The big story of yesterday's Group One Stewards Cup at Sha Tin lay not with the winner but with the late scratching of hot favourite Perfect Partner ($22), who did a lap of the track without the presence of Felix Coetzee before stewards ruled a line through his name.

In an era when Hong Kong racing has been struggling to maintain turnover, the scratching of a short-priced favourite for a feature race in the dying minutes of betting is a financial disaster.

In this case, the Jockey Club was forced to refund $43.4 million in bets.

Trainer Tony Cruz was clearly despondent that his Hong Kong Mile runner-up had played up and lost his chance at the race he'd been set for, but compensation was not far away as the stable's second elect, Bullish Luck, stormed home from last for an electrifying victory under the guidance of young Belgian ace Christophe Soumillon.

After prices were adjusted for the Perfect Partner scratching, Bullish Luck started at $68.50 and bolted away to defeat Ain't Here ($51) by 13/4 lengths, with the John Size-trained Palette Natural ($420) third.

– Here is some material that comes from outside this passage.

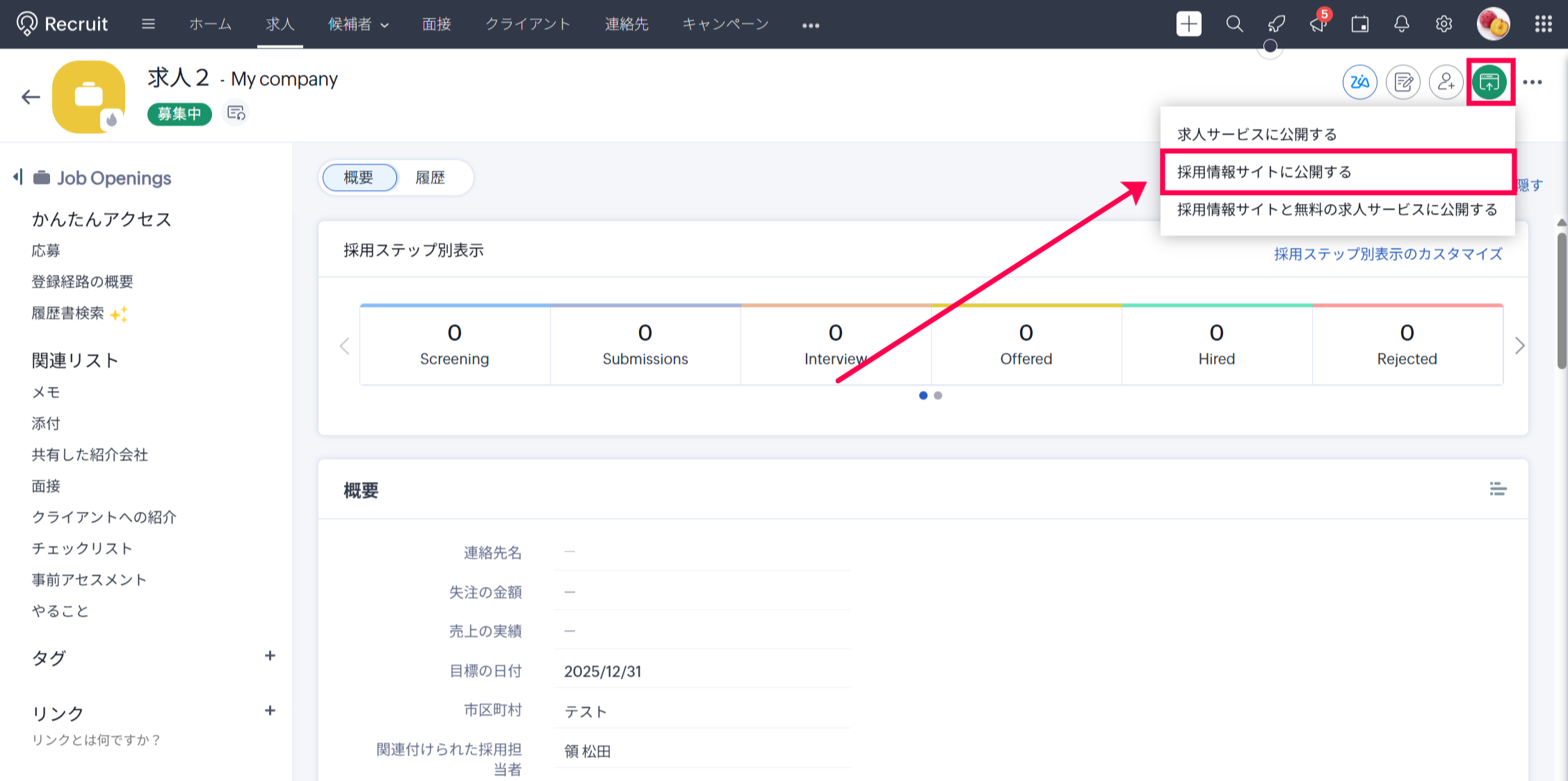 ・「募集中」となっている該当の求人データの詳細画面を開きます

Stewards later reported that it was the David Hayes-trained veteran Meridian Star's fractiousness in the adjoining stall that set Perfect Partner off. The Quest For Fame gelding had been a bit toey anyhow, but when rattled by Meridian Star's antics, he became too hot to handle and burst through the front of the stalls, dislodging Coetzee before careering off for a leisurely circuit of Sha Tin.

Perfect Partner did not exert himself unduly in his afternoon stroll and reached the winning post at the end of a soft canter looking relatively fresh and unruffled, causing some to question whether the club had been too hasty in ordering his withdrawal. However, Jockey Club executive director of racing, Winfried Engelbrecht-Bresges, said the decision to withdraw Perfect Partner was definitely the right one 'in the Hong Kong environment'.

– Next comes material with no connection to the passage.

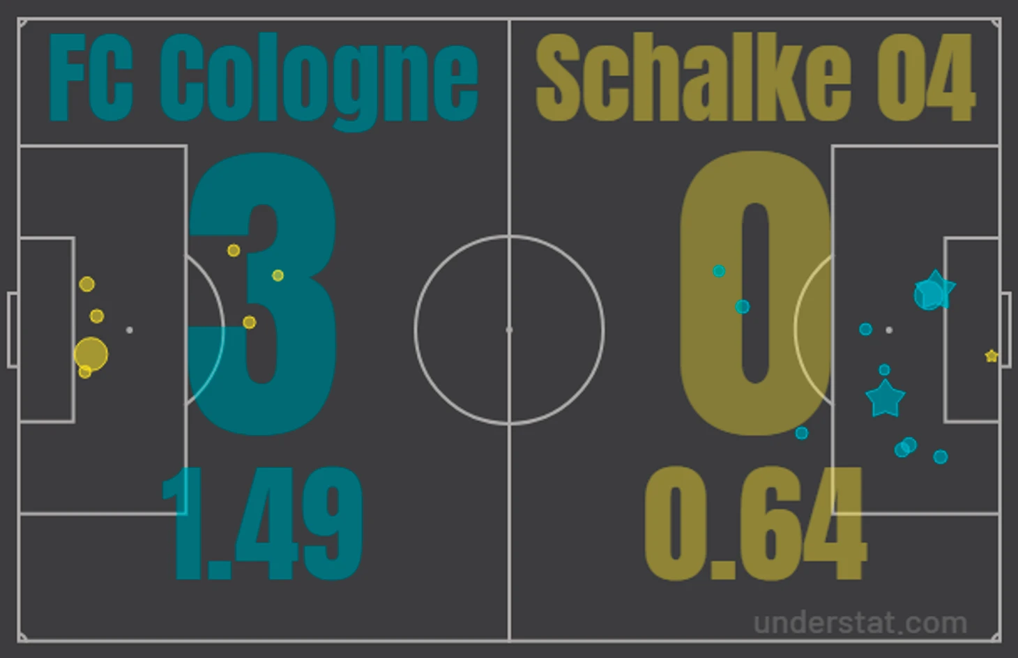 После паузы гости показывали гораздо больше настроя, но остающиеся ошибки и отсутствие креатива не позволили «Шальке» превратить своё желание в результат. И по итогу на 75-й минуте они пропустили ещё один после плохих действий в обороне и ошибки Нюбеля, который и пустил мяч в собственные ворота. «Кёльн» продолжил следовать заданному положительному тренду — очень вовремя, ведь через полторы недели им предстоит сыграть отложенное из-за урагана дерби против «Гладбаха». А «Шальке» здорово повезло, что и «Вольфсбуг», и «Хоффенхайм», и «Фрайбург» очки потеряли, позволив оставаться клубу из Гельзенкирхена в зоне еврокубков.

'In Europe, it might have been seen differently but in the Hong Kong environment, where the betting is so huge, we know for a fact that our customers would not tolerate a horse running after an incident like that,' Engelbrecht-Bresges said.

'Winning would be the only satisfactory result. But if he had run, and lost, it would have been a public relations disaster.'

The refund stopped the Jockey Club almost matching last year's Stewards Cup day turnover of $968,334,502. After handing back the $43.4 million in Perfect Partner refunds, the club posted turnover for the 10-race programme as $903,253,689 - down 6.7 per cent.